American Lullaby was dedicated to Helen-Claire Moyle, and its copyright is currently held by G. Schirmer (Inc.).

The legendary Canadian contralto Maureen Forrester recorded the song twice. Once on her classic 1967 album "A Charm of Lullabies" with pianist John Newmark and again in 1998 for a cd titled "Lullabies" with John Arpin.
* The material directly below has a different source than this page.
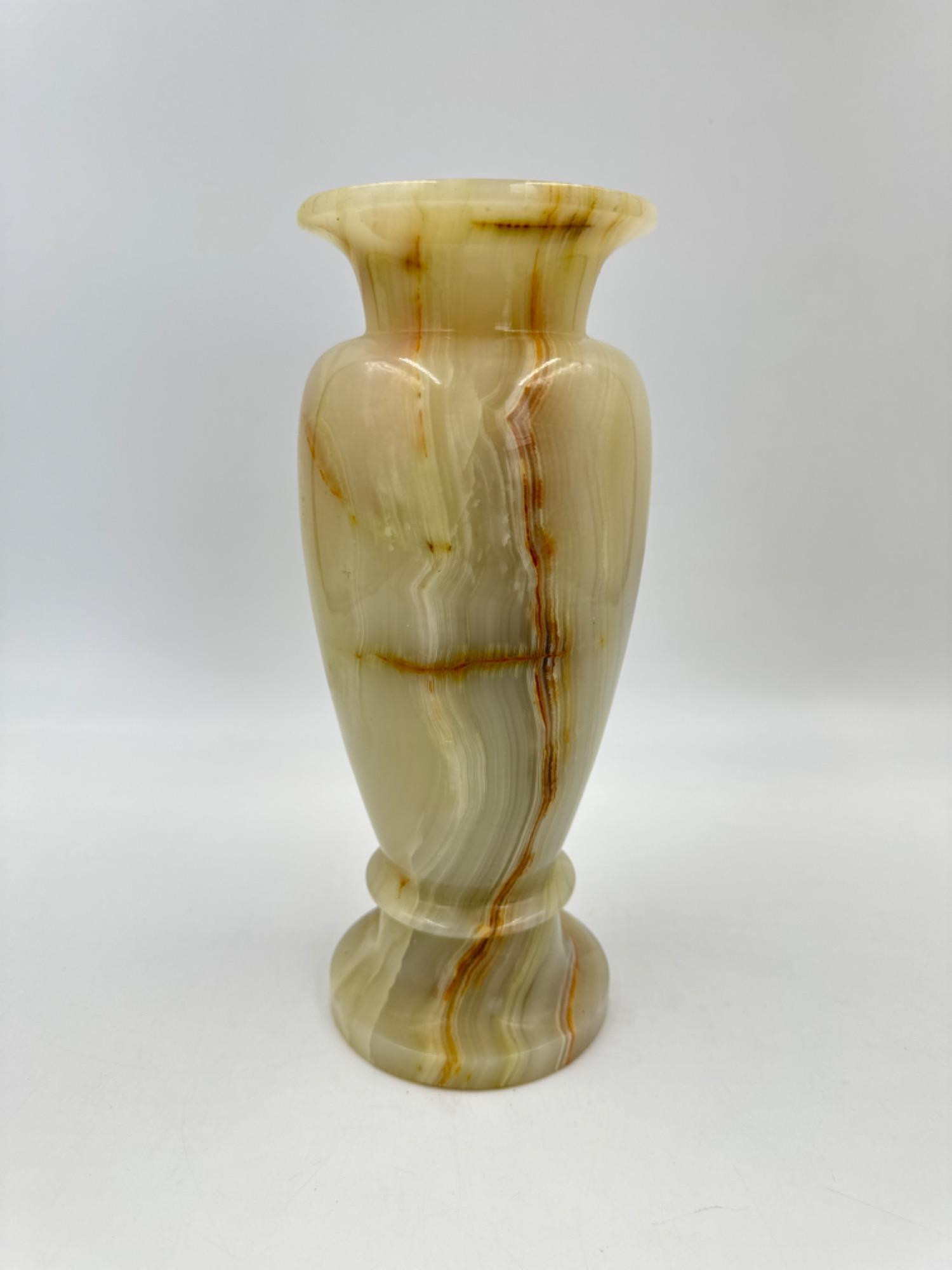Mid Century Banded Green Onyx Vase - 10"T Excellent condition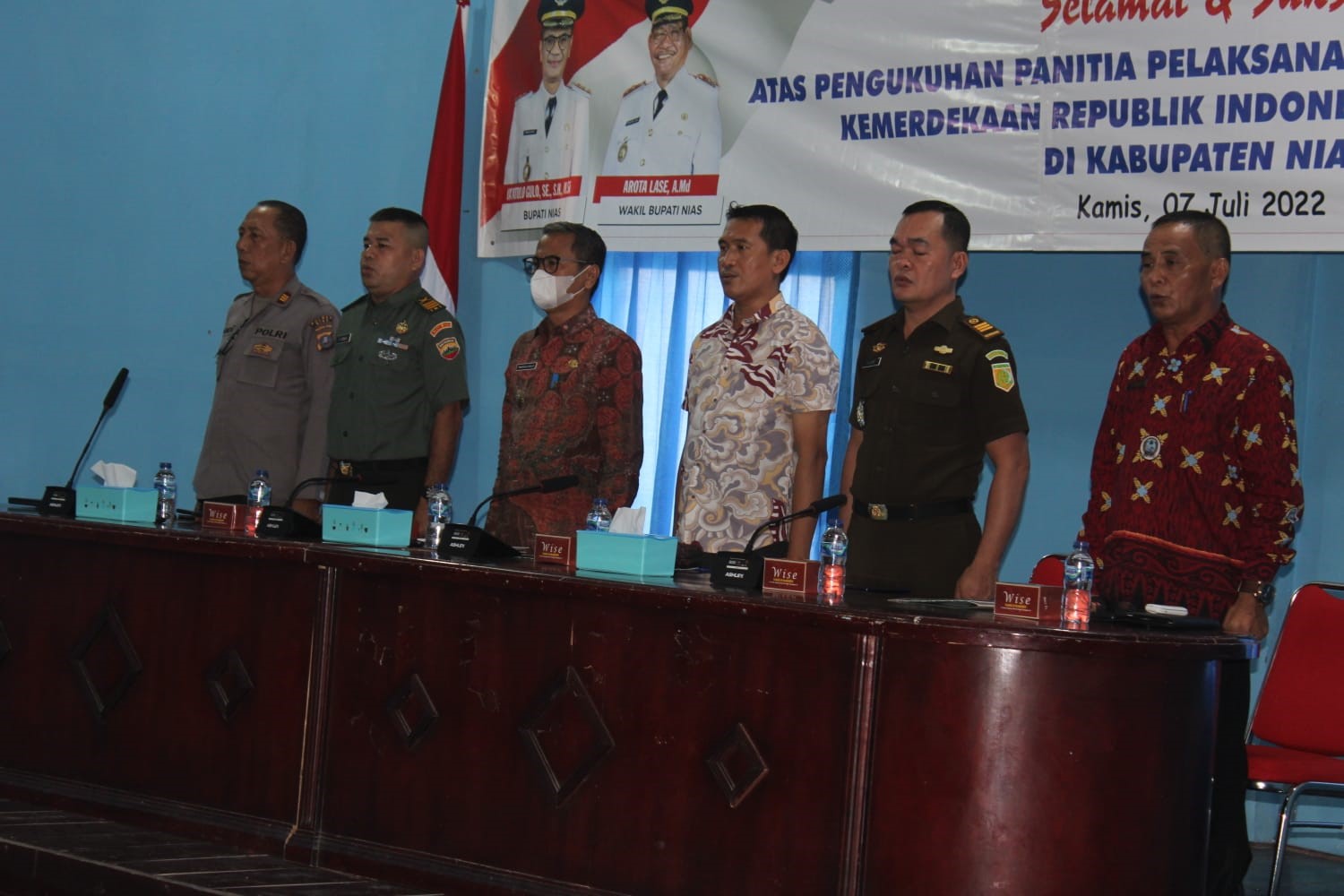 Kegiatan tersebut diawali dengan laporan Ketua Panitia yang disampaikan langsung oleh Kepala Bidang Kesatuan Bangsa, Aryani Sri Hartati Zebua, SH menyampaikan bahwa maksud dan tujuan Pelaksanaan Kegiatan pada hari ini adalah untuk membentuk Panitia Pelaksana sekaligus Rapat Perdana Peringatan HUT Ke-77 Kemerdekaan Republik Indonesia Tahun 2022. Mengingat Keputusan Bupati Nias Nomor 003.1/189/K/2022 tanggal 24 Juni 2022 tentang Pembentukan Panitia Pelaksana Peringatan HUT Ke-77 Kemerdekaan Republik Indonesia Tahun 2022 di Kabupaten Nias.

This piece has been performed professionally by Clarissa Ocampo, Bridgette Cooper-Anderson, Jay Pierson, John O'Brien and The Louise Toppin Trio.

== Lyrics ==

Hush-a-bye you sweet little baby and don't you cry anymore.
Daddy is down at his stockbroker's office a keeping the wolf from the door.
Nursie will raise the window shade high,
So you can see the cars whizzing by.
Home in a hurry each daddy must fly
To a baby like you.

Hush-a-bye you sweet little baby and close those pretty blue eyes.
Mother has gone to her weekly bridge party to get her wee baby the prize.
Nursie will turn the radio on
So you can hear a sleepy-time song,
Sung by a lady whose poor heart must long
For a baby like you.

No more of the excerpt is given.